- Assignment
Within the records, determine how many lines contain the word "Como". Your reply must consist of that number only.

- Exercise data
___

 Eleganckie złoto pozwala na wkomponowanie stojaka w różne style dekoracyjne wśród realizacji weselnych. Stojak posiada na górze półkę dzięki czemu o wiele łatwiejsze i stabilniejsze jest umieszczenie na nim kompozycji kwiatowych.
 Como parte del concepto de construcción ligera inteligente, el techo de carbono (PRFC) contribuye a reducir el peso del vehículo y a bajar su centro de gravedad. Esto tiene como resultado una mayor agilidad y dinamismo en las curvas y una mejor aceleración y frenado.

___

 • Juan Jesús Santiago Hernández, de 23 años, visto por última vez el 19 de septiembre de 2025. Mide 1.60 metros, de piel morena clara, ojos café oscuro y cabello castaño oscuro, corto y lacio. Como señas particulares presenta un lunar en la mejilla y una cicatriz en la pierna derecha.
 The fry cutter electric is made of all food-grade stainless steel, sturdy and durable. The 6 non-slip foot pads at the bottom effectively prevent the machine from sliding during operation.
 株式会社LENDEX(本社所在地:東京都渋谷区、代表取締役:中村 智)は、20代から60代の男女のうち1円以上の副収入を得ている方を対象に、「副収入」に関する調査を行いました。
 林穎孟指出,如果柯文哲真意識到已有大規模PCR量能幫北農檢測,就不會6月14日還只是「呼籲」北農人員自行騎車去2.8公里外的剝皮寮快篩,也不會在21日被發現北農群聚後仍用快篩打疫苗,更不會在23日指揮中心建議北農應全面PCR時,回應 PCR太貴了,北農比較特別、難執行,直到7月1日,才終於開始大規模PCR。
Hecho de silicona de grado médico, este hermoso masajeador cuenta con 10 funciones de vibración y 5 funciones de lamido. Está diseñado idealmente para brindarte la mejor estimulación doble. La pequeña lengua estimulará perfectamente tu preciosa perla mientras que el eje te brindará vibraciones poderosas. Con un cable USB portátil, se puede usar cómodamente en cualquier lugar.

___

- Answer to this task
2